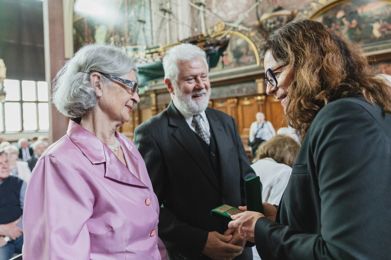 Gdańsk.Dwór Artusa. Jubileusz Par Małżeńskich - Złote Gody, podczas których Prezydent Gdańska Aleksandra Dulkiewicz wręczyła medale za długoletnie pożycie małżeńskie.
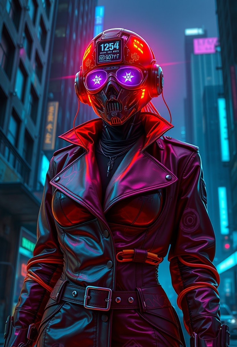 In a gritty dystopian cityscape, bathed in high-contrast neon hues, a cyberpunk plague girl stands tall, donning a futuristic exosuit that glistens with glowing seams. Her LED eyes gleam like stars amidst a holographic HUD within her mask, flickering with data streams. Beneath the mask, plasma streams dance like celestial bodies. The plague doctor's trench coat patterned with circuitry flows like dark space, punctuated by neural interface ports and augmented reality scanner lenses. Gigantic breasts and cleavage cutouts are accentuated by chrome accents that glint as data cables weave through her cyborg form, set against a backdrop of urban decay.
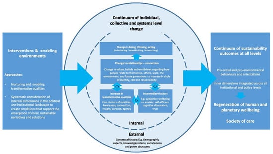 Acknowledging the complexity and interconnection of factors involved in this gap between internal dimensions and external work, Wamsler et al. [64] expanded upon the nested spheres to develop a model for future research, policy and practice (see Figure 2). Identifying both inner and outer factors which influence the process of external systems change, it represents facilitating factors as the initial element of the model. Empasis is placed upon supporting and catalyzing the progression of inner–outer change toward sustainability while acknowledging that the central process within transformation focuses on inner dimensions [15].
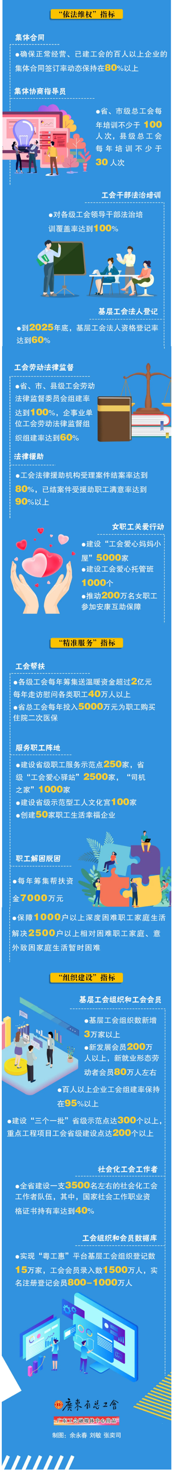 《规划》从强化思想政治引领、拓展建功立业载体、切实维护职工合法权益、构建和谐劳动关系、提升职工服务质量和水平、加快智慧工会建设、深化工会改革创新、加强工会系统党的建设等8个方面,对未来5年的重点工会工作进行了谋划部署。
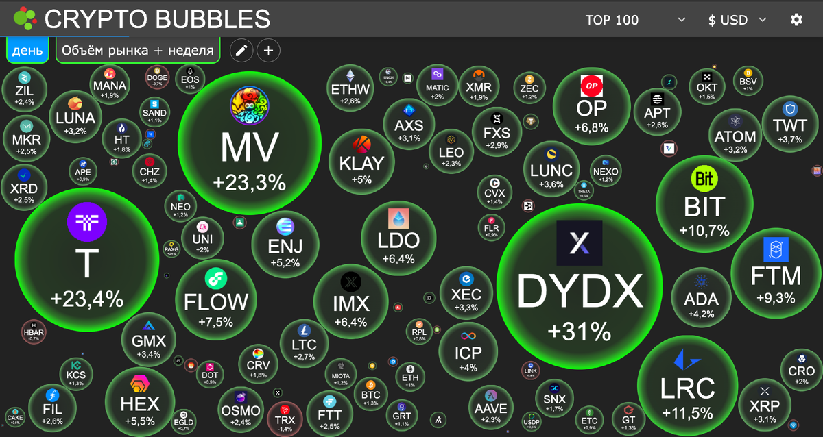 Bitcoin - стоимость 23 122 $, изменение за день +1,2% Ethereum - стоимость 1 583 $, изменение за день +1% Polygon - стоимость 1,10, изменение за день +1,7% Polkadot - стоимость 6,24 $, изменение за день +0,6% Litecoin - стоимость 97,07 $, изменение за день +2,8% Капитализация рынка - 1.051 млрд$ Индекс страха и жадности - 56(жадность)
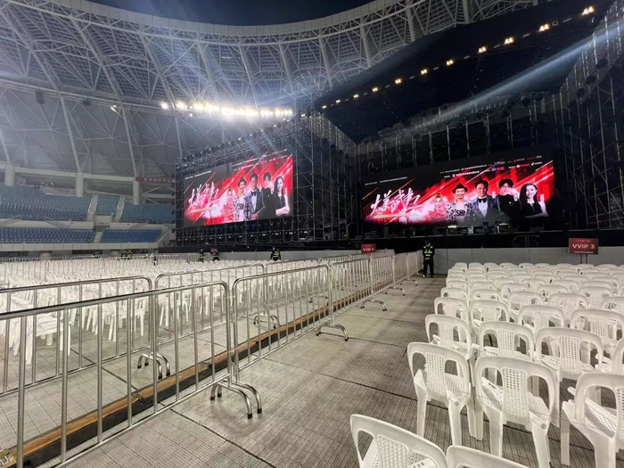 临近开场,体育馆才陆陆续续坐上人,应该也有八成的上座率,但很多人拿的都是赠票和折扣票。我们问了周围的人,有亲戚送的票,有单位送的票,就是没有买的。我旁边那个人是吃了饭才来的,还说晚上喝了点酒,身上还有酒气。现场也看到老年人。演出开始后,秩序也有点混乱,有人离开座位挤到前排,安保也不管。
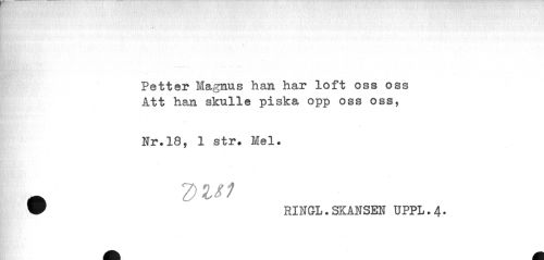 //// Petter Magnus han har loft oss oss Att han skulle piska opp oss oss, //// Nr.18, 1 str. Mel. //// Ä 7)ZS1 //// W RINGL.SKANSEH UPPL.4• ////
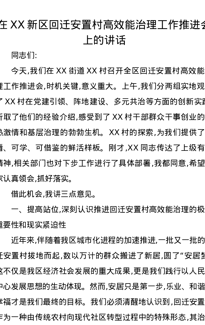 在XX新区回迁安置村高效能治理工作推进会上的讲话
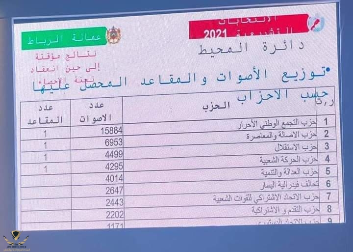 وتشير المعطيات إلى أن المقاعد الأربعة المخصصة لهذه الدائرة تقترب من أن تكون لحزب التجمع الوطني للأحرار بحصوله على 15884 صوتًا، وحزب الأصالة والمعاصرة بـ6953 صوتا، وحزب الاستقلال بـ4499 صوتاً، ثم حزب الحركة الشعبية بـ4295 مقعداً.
——————————
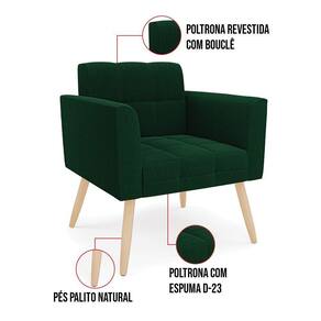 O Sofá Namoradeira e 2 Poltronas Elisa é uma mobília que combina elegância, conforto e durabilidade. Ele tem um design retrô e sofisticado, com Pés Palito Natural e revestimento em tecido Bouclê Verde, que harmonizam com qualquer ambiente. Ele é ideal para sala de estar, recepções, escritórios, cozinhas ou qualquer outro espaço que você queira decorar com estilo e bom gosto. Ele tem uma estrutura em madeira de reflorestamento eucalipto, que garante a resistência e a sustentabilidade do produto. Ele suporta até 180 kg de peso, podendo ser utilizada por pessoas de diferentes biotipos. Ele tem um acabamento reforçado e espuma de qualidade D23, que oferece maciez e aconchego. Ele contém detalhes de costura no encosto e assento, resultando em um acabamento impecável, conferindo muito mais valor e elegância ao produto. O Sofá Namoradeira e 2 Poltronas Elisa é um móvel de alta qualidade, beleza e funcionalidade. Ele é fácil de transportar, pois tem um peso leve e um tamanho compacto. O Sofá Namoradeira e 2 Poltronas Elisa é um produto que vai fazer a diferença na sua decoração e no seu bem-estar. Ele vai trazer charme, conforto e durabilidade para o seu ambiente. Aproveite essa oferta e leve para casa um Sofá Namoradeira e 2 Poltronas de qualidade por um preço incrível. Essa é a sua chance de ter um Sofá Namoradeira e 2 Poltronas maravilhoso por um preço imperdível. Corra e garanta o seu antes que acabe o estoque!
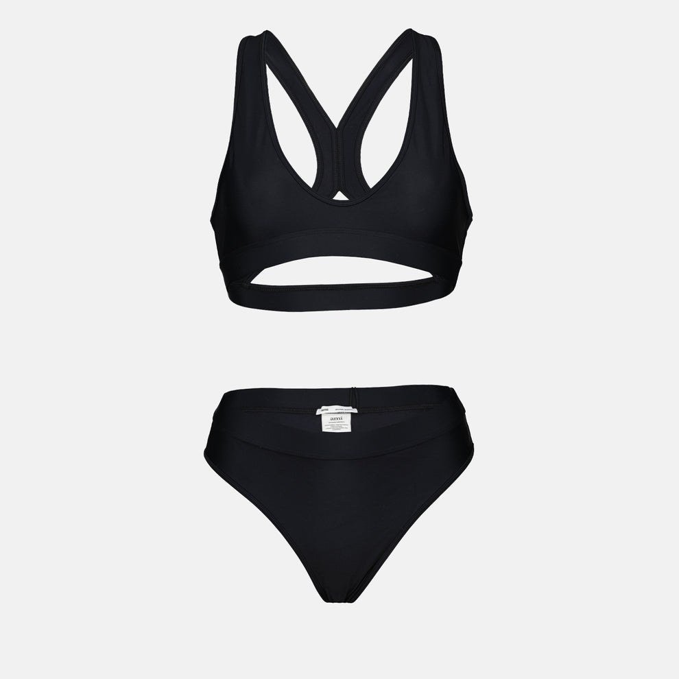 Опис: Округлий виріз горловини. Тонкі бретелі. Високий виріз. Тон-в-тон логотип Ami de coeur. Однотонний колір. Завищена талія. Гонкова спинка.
——————————
## EXERCISE INSTRUCTIONS:
The stretch to restate runs from the line above containing "RINGL.SKANSEH UPPL.4• ////" through the line containing "وتشير المعطيات إلى". Copy it word for word, ends included, without pictures.

## TASK RESULT:
 //// Petter Magnus han har loft oss oss Att han skulle piska opp oss oss, //// Nr.18, 1 str. Mel. //// Ä 7)ZS1 //// W RINGL.SKANSEH UPPL.4• ////
 在XX新区回迁安置村高效能治理工作推进会上的讲话
 وتشير المعطيات إلى أن المقاعد الأربعة المخصصة لهذه الدائرة تقترب من أن تكون لحزب التجمع الوطني للأحرار بحصوله على 15884 صوتًا، وحزب الأصالة والمعاصرة بـ6953 صوتا، وحزب الاستقلال بـ4499 صوتاً، ثم حزب الحركة الشعبية بـ4295 مقعداً.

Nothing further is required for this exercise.